The ROS clearance rate of the sample in the cell was detected by Biyuntian ROS detection kit. The specific experimental steps were in accordance with the instructions of the kit, and the aseptic operation was ensured.

Cell scratch assay

L929 cells were seeded in a 12-well cell orifice plate with 100,000 cells per well. After 24 h of culture, the growth status of the cells was observed. After the cells were overgrown, the cells were scratched with a disposable 10-μL pipette tip. All wells were washed twice with 1 mL of DMEM medium to remove cell debris. Then, the diluted sample was added, and the distance between the scratches was observed by fluorescence inverted microscope, which was recorded as d₀. After incubation in the incubator for 24 h, the distance between the scratches was observed and recorded as d₁. The relative migration distance is calculated using Eq. 6:

Relative migration distance = [(d₀－d₁) / d₀] × 100% (6)

Statistical Analysis

All experiments were performed in triplicate, and the results are expressed as mean ± standard deviation. Statistical evaluation was made using analysis of variance (ANOVA) using SPSS 18.0 software, with p < 0.05 being considered as significant.

RESULTS AND DISCUSSION

Kernel and Oil Content of TSO from Different Regions

The appearance of tea seed shell and kernel from different producing areas was observed, and the results were shown in Fig. 1. The shell of tea seed is brown, and the seed kernel is pale yellow. The average diameter of tea seed from Guizhou was 9.49 mm, and the average weight of tea seed kernels was 0.89 g (Table 2). As shown in Table 1, there were significant differences in the kernel content and oil content of tea seeds from different regions. The kernel content of tea seeds was 57% to 69%, with an average of 63.8%. The kernel content of tea seeds in western Guizhou (T2), southwestern Guizhou (T4), and southern Guizhou (T6) was higher than the average, and the highest in southern Guizhou (T6) was 68.4%. The average oil content of tea seed kernels was 24.7%. The oil content of samples in western Guizhou (T2), southwestern Guizhou (T4), and southern Guizhou (T6) were higher than the average value, and the highest content in western Guizhou (T2) was 26.9%. Based on the difference in kernel content and oil content of tea seeds in different regions, it can be concluded that the kernel content and oil content of tea seeds in western Guizhou (T2), southwestern Guizhou (T4), and southern Guizhou (T6) were higher than those in other tea seed-producing areas in Guizhou.

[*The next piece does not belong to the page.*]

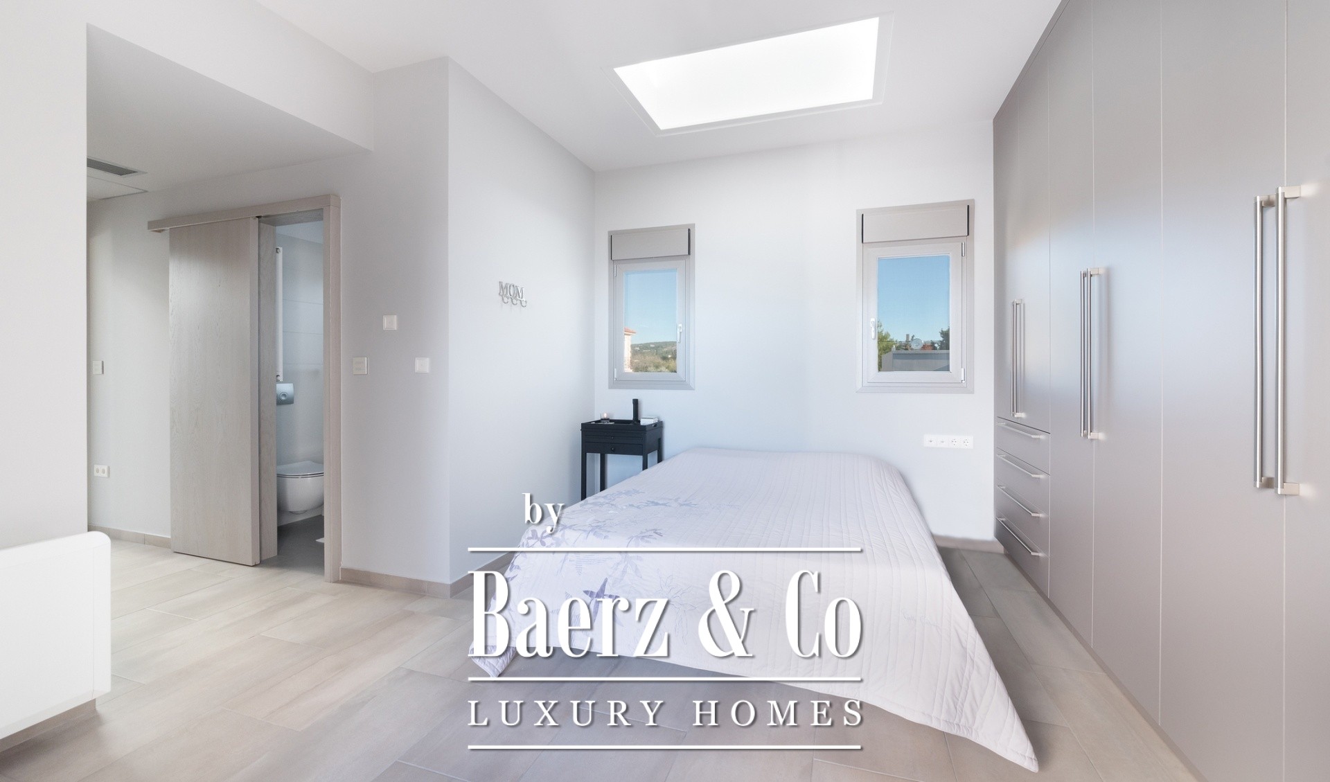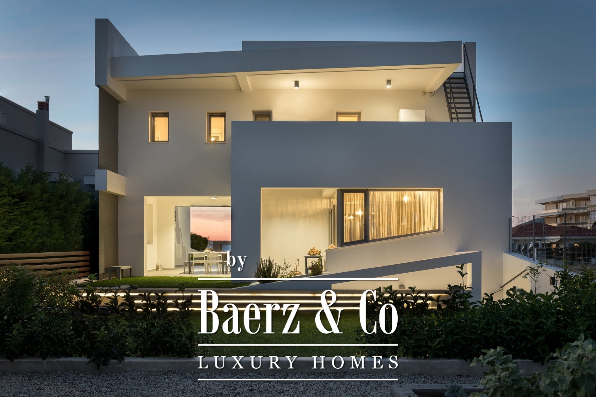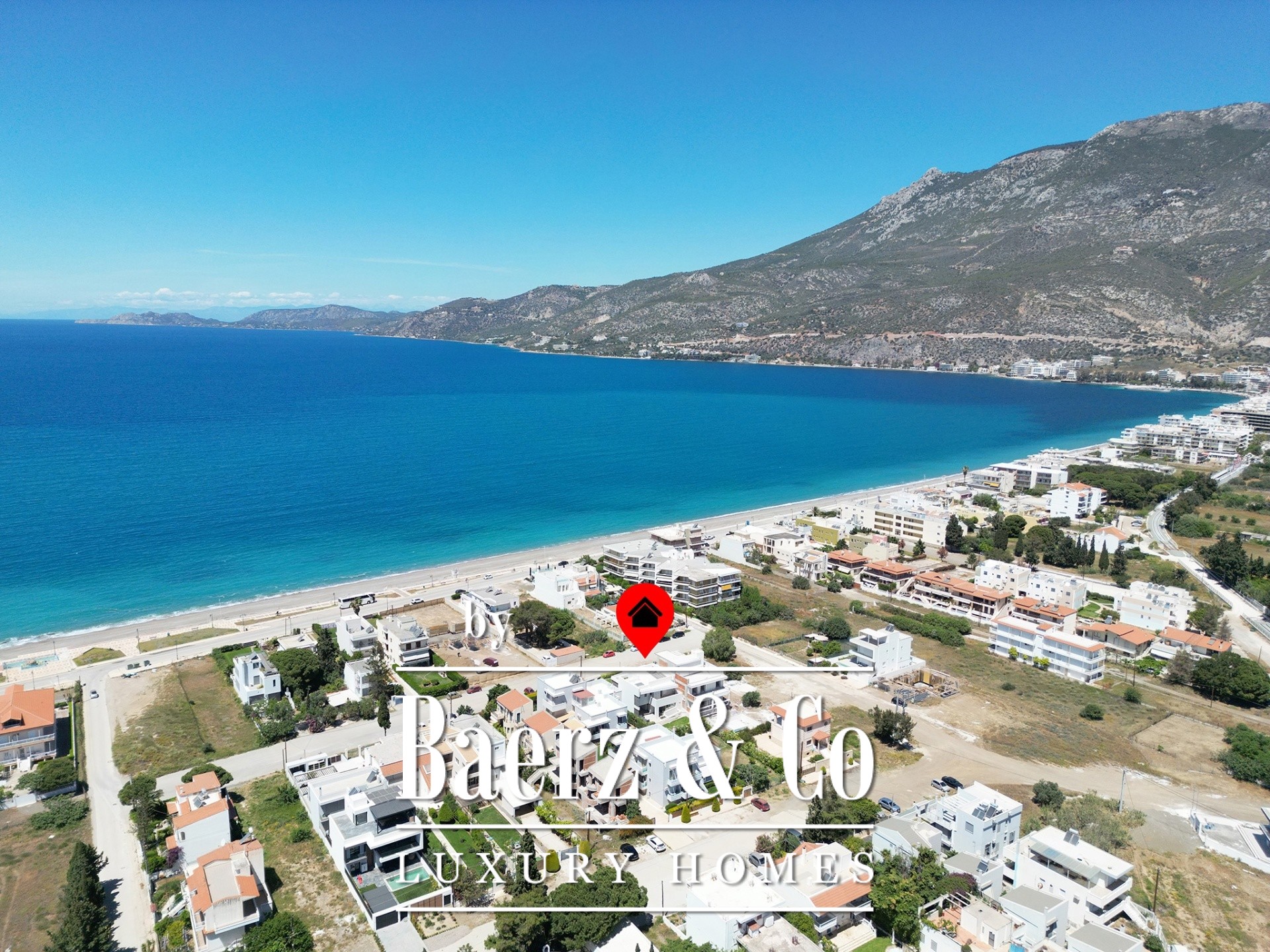 storage spaces, and notable is the specialized lighting study, both indoors and outdoors. There is complete fencing, and all internal doors are oak. The energy supply is highly efficient thanks to the MITSUBISHI ZUPADAN heat pump and the COMMERLING window frames with double glazing. Furthermore, the construction materials are certified for coastal environments, and the insulation according to KENAK ensures excellent thermal insulation. Regarding the electrical installation, the house features a BASS SIEMENS smart home system as well as SIEMENS touch switches, resulting in extremely low energy needs for the house. Additionally, there is suitable infrastructure for installing an elevator, which will connect all 3 levels, as well as provision for constructing a pool in the front part of the garden. Additionally, there is the possibility of acquiring an adjacent plot (401m²) offering additional building square meters. Within close proximity (1km) is the Club Hotel Casino Loutraki, (5km) the Loutraki Thermal spa, while the Athens International Airport is just a 1-hour drive away.

Fig. 1. The physical map of tea seeds from different producing areas in Guizhou: (a) Appearance of tea seeds; (b) Kernel of tea seeds

Table 2. Kernel Content, Oil Content, and Appearance of Tea Seeds

Chemical Components of TSO from Different Regions

Using GC-MS technology, this method can separate the peaks of TSO in different regions with good resolution. The relative content of fatty acid components in TSO was calculated by the area normalization method (Liu et al. 2016). There were significant differences in the composition and content of fatty acids in TSO from different regions, and 16 fatty acid components were detected (Table 3). Among them, the tea seed in western Guizhou (T2) had the most abundant fatty acid species, with 15 kinds; the tea seed in southern Guizhou (T6) had the least fatty acid species, with 9 kinds. Cis-13-docosaenoic acid was only detected in tea seed samples in eastern Guizhou, and the content was only 0.11%. 10-undecylenic acid was only detected in tea seeds in western and eastern Guizhou.

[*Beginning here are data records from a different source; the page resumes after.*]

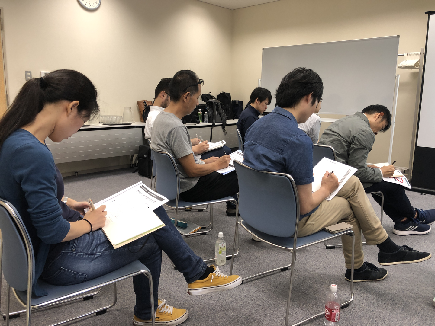 写真からも伝わってくるかと思いますが、本当に真剣ですよね。メンバーの顔を思い浮かべながら、どのように日常の対話に活かせるかを考えているのでしょうか。ちなみに右側の青いシャツが代表の江戸です。
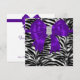 Convite de festa e evento de todas as ocasiões com modelo de listras de zebra pretas e brancas elegantes e laço de diamante roxo brilhante no centro. Escolha o estilo e a cor da fonte. Impresso sem joias ou laços reais.
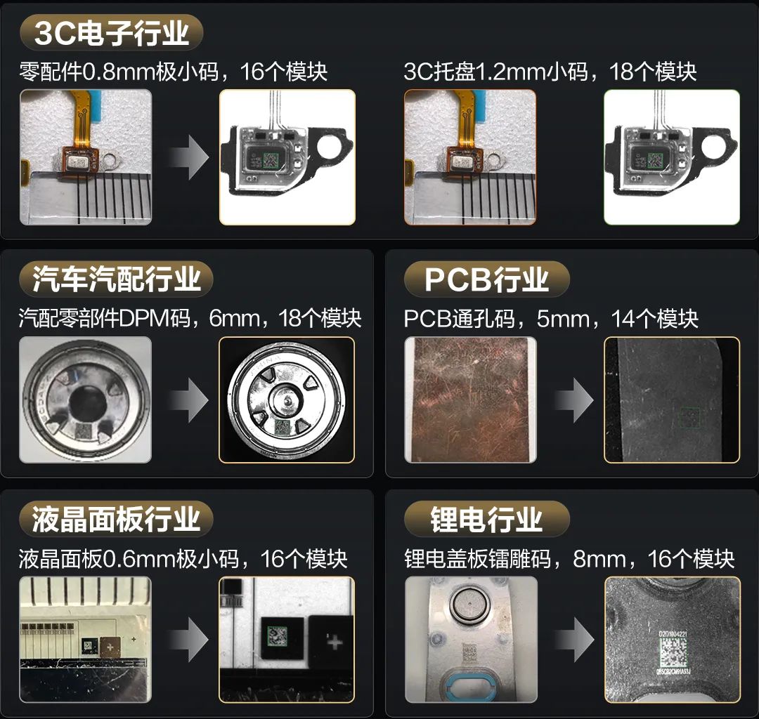 ID2023XM凭借超强AI算法,精准应对3C电子、PCB、汽配、锂电等多行业复杂读码挑战,为高精度、高效率生产注入新动力。
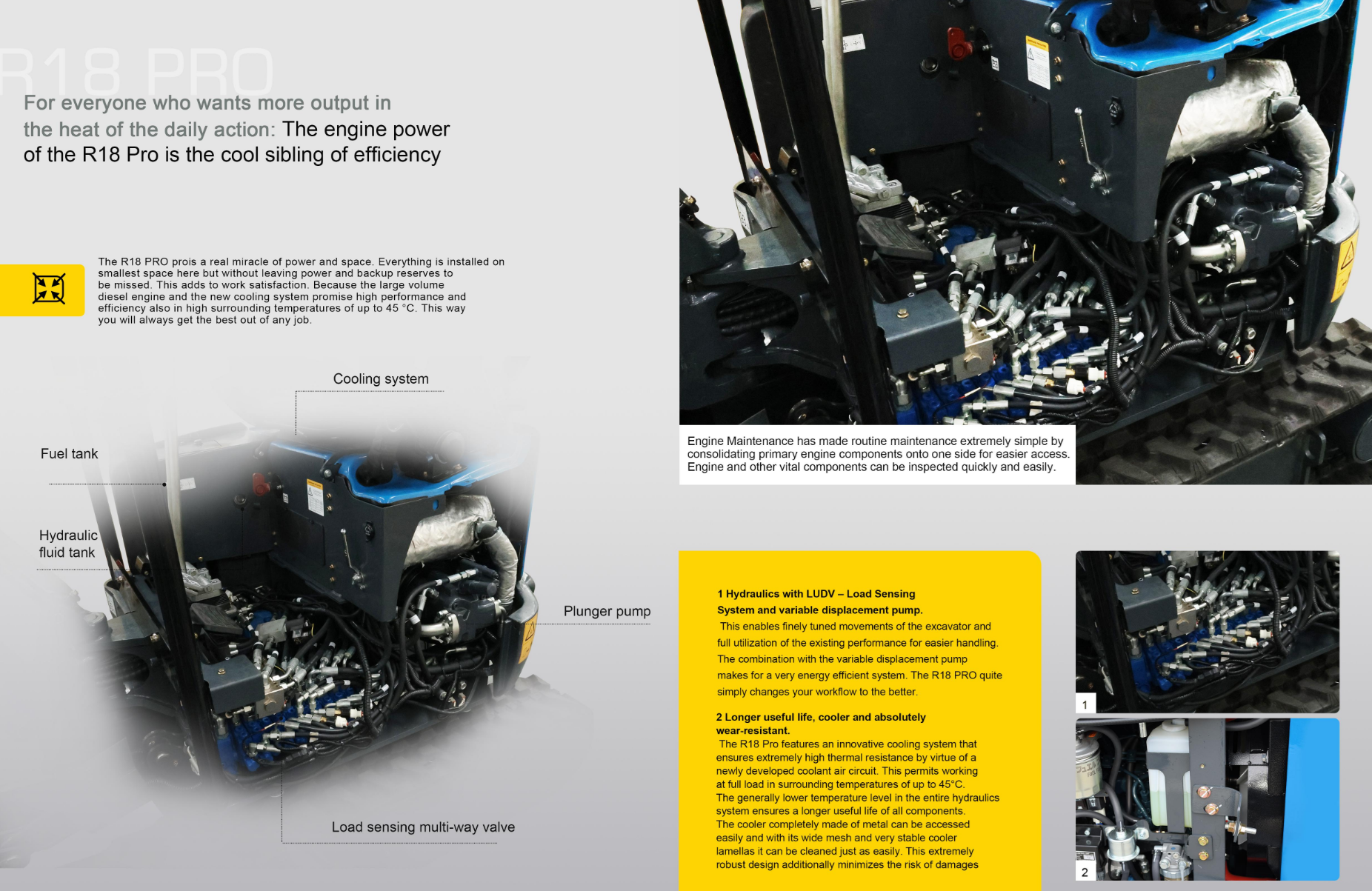 1) It uses a Kubota D902 diesel engine, which provides 11.8kW (16.1 horsepower).

Table 3. Contents of Fatty Acid Components in Tea Seed Oil from Different Regions

Note：‘—’ means that the substance was not detected. a. 2-Hexenedioic acid; b. α-Linolenic acid; c. 12-methyl-Tridecanoic acid; d. 9-Hexadecenoic acid; e. Palmitic acid; f. 2-hexyl-Cyclopropaneoctanoic acid; g. Heptadecanoic acid; h. Linoleic acid; i. Oleic acid; j. Stearic acid; k. 10-Octadecenoic acid; l. 10-Undecynoic acid; m. 3-octyl-Oxiraneoctanoic acid; n. cis-11-Eicosenoic acid; o. Eicosanoic acid; p. 13-Docosenoic acid

There were four kinds of fatty acids with high relative content in TSO: oleic acid, linoleic acid, palmitic acid, and stearic acid (Table 4). Oleic acid and linoleic acid are unsaturated fatty acids that can regulate blood lipid levels, reduce cholesterol, and effectively reduce the incidence of hypercholesterolemia and cardiovascular disease (Li et al. 2023). Among them, linoleic acid is an essential fatty acid in human and animal nutrition. The average content of linoleic acid in Guizhou TSO is 21.66%, which is much higher than that in olive oil (Moghaddam et al. 2012). TSO in southwestern Guizhou (T4) and southern Guizhou (T6) contains more unsaturated fatty acids, which can reduce blood lipids and prevent the formation of atherosclerotic plaques (Yang et al. 2022).

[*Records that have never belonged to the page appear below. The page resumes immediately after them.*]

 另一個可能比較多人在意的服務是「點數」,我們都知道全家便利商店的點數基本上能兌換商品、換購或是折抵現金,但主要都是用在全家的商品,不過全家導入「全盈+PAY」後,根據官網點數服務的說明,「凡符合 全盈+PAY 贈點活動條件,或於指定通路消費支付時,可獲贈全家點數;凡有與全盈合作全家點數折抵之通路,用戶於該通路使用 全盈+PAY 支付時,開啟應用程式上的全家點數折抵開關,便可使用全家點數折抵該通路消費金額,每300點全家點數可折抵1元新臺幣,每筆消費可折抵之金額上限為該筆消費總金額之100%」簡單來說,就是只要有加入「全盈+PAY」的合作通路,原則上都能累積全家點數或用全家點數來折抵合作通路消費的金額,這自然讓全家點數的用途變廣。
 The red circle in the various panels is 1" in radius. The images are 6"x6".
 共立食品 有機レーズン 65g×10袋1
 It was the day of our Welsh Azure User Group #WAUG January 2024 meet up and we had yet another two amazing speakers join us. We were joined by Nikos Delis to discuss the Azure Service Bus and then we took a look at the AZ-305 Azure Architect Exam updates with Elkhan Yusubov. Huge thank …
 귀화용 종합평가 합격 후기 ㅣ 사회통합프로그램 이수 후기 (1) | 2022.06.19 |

Through the analysis of the chemical components of TSO in different regions of Guizhou, it was concluded that the kernel and oil content of tea seeds in western Guizhou (T2), southwestern Guizhou (T4), and southern Guizhou (T6) were higher than those in other tea seed-producing areas in Guizhou and contained more and richer UFA. Therefore, western Guizhou (T2), southwestern Guizhou (T4), and southern Guizhou (T6) can be used as potential high-quality producing areas for TSO with high oil content and rich fatty acids.

Table 4. Proportion of Main Fatty Acids in Total Fatty Acids (%)

Activity Characterization of TSO

To understand the skin care activity characteristics of TSO, properties of tyrosinase activity, water retention capacity, transmittance capacity, antibacterial activity, and antioxidant activity were evaluated.

The transmittance of different concentrations of TSO was measured using a spectrophotometer with incident UV light at 280 to 400 nm, which is the most harmful to human skin (Vayalil et al. 2004). With the increasing concentration of TSO, the UV transmittance decreased. With increasing UV wavelengths, transmittance rapidly increased from 280 to 320 nm. Among the evaluated regions, 10 mg/mL TSO in southeastern Guizhou (T3) showed the lowest UV transmittance at 280 nm (Figs. 2a,b). The inhibition value of tyrosinase effectively reflects the whitening performance of a substance. As shown in Fig. 2c, 10 mg/mL of TSO in western Guizhou (T2) effectively inhibited the tyrosinase activity by 96.47%. When the concentration of TSO was 1.0 to 10 mg/mL, the inhibition value of tyrosinase activity increased significantly with the increase in concentration. When the concentration of TSO was 10 to 20 mg/mL, the inhibition of tyrosinase showed no significant change.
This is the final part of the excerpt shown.